Using EMTF FCU and the new XML-based data format, we for the first time put together a searchable public resource for MT TFs, IRIS EMTF data product at the IRIS DMC (IRIS EMTF, 2018; see also Trabant et al., 2012; Kelbert et al., 2018a). This international database currently includes 5186 sites from 124 surveys collected in the scope of 16 projects. We have made it easy for the community to archive their MT data, and we continue to solicit and receive data contributions. This database is currently widely used by the international MT and space weather communities for teaching and research. Thus, our EMTF XML development has for the first time allowed global and extensive MT data sharing, allowing MT researchers easy access to modern and historical data worldwide.

We also worked with IRIS to develop a DOI strategy for MT data. Data collection and processing require a lot of effort and do not necessarily result in a publication. The capability to assign DOIs to data sets stored at IRIS, directly, thus making them citable for career-related purposes, provides an invaluable incentive to MT community members to continue sharing their data. Additionally, citing the data sets helps track the end-users of each of the data collection efforts, both to assess the usefulness of a project and to propagate corrections and data-related information to the end users. Initially, IRIS DMC could only effectively assign a DOI to (1) all of MT TFs together or (2) each specific data submission. Unfortunately, assigning a separate DOI to each of the data files would result in an unmanageable database; most end users would use hundreds of sites in each journal publication and would not be able to cite each data file independently (rendering the DOIs useless because they would not be used in practice). On the other hand, a citation to the IRIS EMTF database as a whole would not give the necessary credit to the principal investigators for their efforts in data collection. We have agreed on a strategy that would assign a separate DOI to each Project/Survey combination found in the database. This strategy is now implemented and supported by the EMTF XML data format.

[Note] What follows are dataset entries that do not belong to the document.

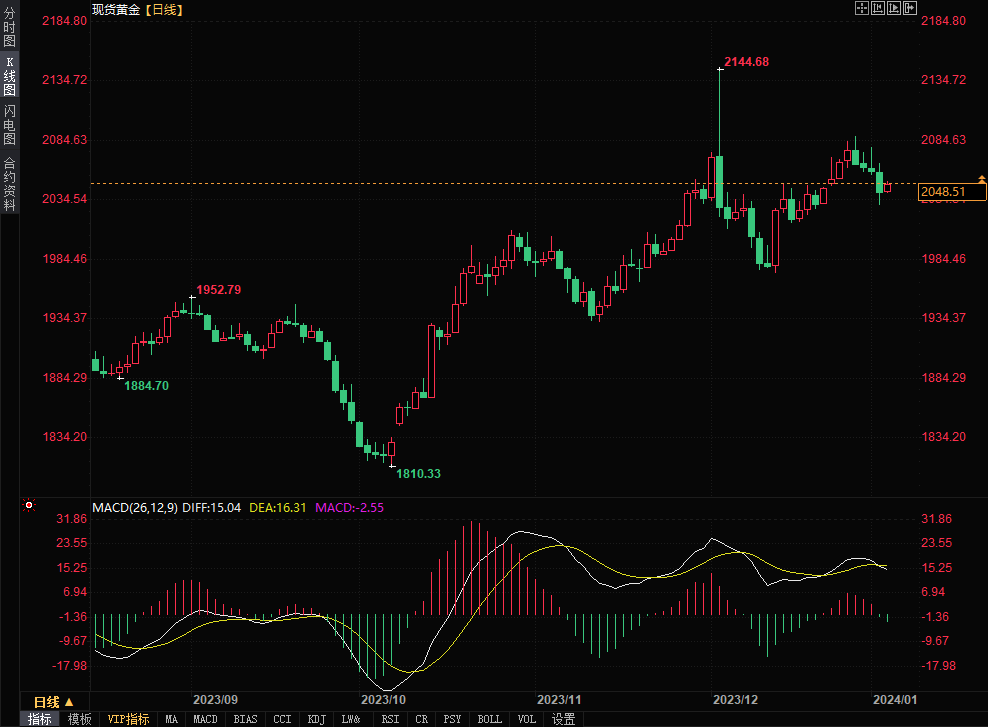 现货黄金价格上涨0.44%,至每盎司2050.13美元。尽管如此,金价在周三曾触及12月21日以来的最低水平。黄金价格的波动反映出市场对于全球经济形势和货币政策的不确定性。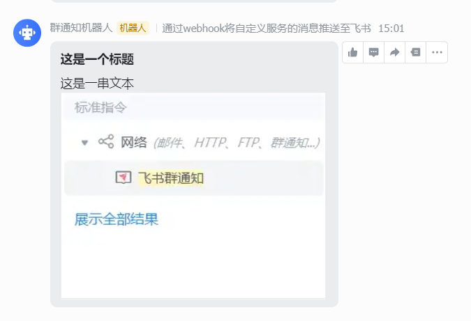 send_post(webhook_url,app_id,app_secret,sign,content)实际的运行效果:
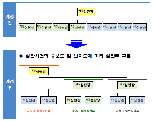 - (주요내용) 기존 11개 심판부에서 36개 심판부 체제로 개편하고, 심판장 1인과 심판관 2인으로 구성된 3인 합의체를 전면 실시함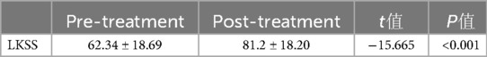 From Table 1 we know that: (1) Comparison of the efficacy evaluation of patients' LKSS scores before and after treatment, the data of the two groups conform to the normal distribution, and the comparison is made using the paired samples t-test; the results show that the t-value = −15.665, P < 0.001, then P < 0.05, the difference is statistically significant (P < 0.05). (2) The patient's LKSS score (62.34 ± 18.69) before treatment and (81.2 ± 18.20) after LKSS treatment, the LKSS score scores improved, suggesting that PRP treatment of KTOA can improve knee joint function.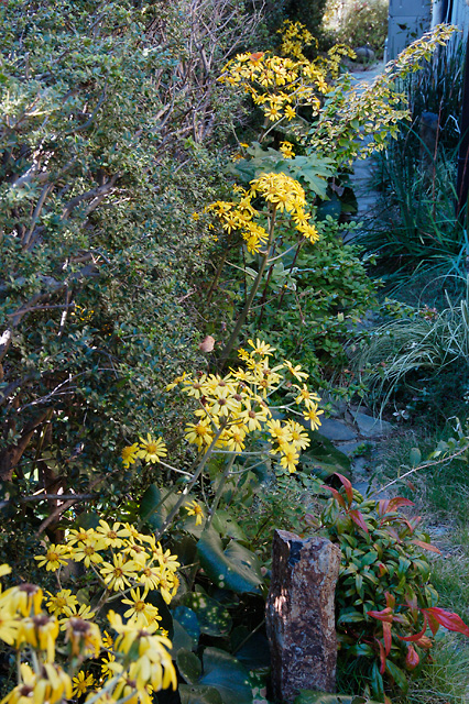庭のツワブキが一斉に咲き出しました。無地、星、白覆輪と、それぞれ違う品種があっただけなのですが、こぼれ種からずいぶんと増えて庭中で黄色い花を咲かせています。放置しておいたらツワブキの庭になりそうな予感すらする状況です。あっという間に10月も終わりで、日を追う毎に寒くなってきました。庭の池や流れにも落ち葉がたまってしまうので、しょっちゅう掃除しています。いつの間にか大量にいるのが発覚したカワニナやタニシの幼生が落ち葉にくっついているので、洗って池に戻してやるという手間が必要で、かなりめんどくさい作業になっています。ツワブキの花が終わる頃になるといよいよ冬の気配。今更ながら1年が早いなと思うこの頃です。

We conceived and developed a novel, flexible and extensible, EMTF XML data format for MT and, potentially, other EMTFs. We also developed a set of open-source EMTF XML EDI converters for MT TFs, which we have called electromagnetic transfer function format conversion utilities (EMTF FCU). For these tools, we used Fortran 90 programming language, making it straightforward for our community to embed the reading and writing routines in their codes. These utilities, which have now matured over a decade of active use, have a great deal of flexibility and correct a large number of inevitable historical metadata omissions, while also allowing the user to supply extensive optional metadata. Additionally, EMTF FCU support arbitrary coordinate rotations, as well as conversions between other common MT file formats, and they have the potential to be easily further extensible.

The novel MT format conversion utilities (EMTF FCU) and the corresponding EMTF XML data format have the following basic intentions:

  1. 1)

    Provide a more modern and general alternative to the EDI standard that would accommodate a wider range of EMTFs, and

  2. 2)

    allow for easy archiving and sharing of historical and modern EMTFs in a searchable, widely available online database.

We hope that our tools, presented here, facilitate these objectives. Nonetheless, there is much room for improvement, primarily to provide continued support for historical and emerging MT data types. EMTF FCU v4.0 is open source and easy to edit; please contribute your efforts back to the community. The value of MT among geosciences hinges on its accessibility. It is our hope that the new, self-descriptive, and searchable EMTF file format and, correspondingly, an openly available EMTF database may help facilitate better documentation and sharing practices within the MT community.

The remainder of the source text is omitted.